DATA EXTRACT:
····················

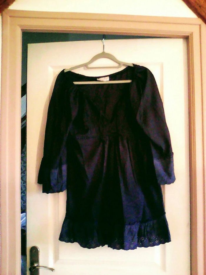 Jolie tunique bleu marine en très bon état dans un esprit bohème chic avec ses volants aux manches (manches 3/4 évasées) et en bas. 100% coton. Taille unique (je faisais du 38/40 quand je la portais).
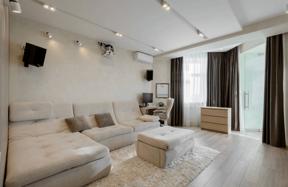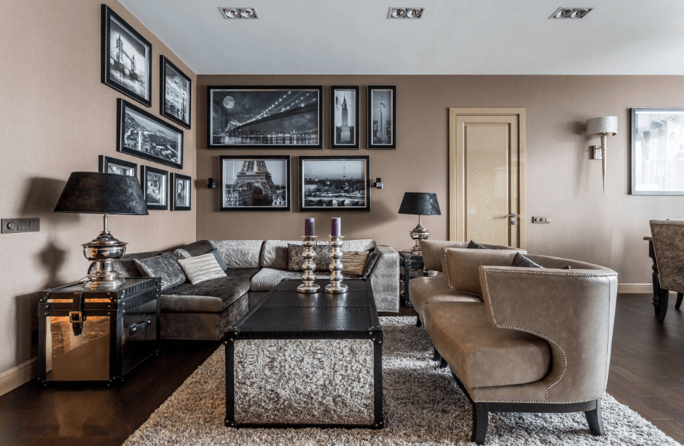- Их подбор всегда будет отталкиваться от уже выбранной для гостиной мебели, ее расцветок, степени освещенности помещения.
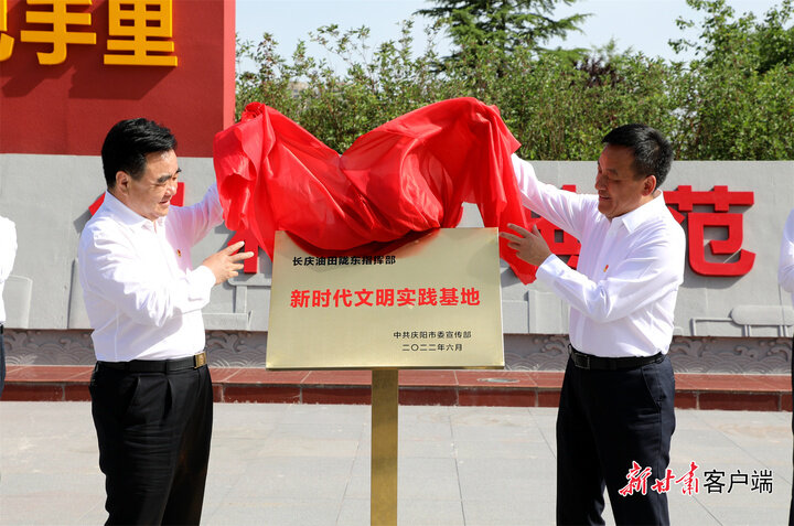 慶陽市、長(zhǎng)慶油田公司共建共享的“新時(shí)代文明實(shí)踐基地”——長(zhǎng)慶油田隴東指揮部新時(shí)代文明實(shí)踐基地揭牌。張昶昶 攝

····················

EXERCISE DESCRIPTION: Begin at the line containing "- Их подбор" and copy every line through the end of the data above exactly, omitting the pictures.

YOUR SOLUTION:
- Их подбор всегда будет отталкиваться от уже выбранной для гостиной мебели, ее расцветок, степени освещенности помещения.
 慶陽市、長(zhǎng)慶油田公司共建共享的“新時(shí)代文明實(shí)踐基地”——長(zhǎng)慶油田隴東指揮部新時(shí)代文明實(shí)踐基地揭牌。張昶昶 攝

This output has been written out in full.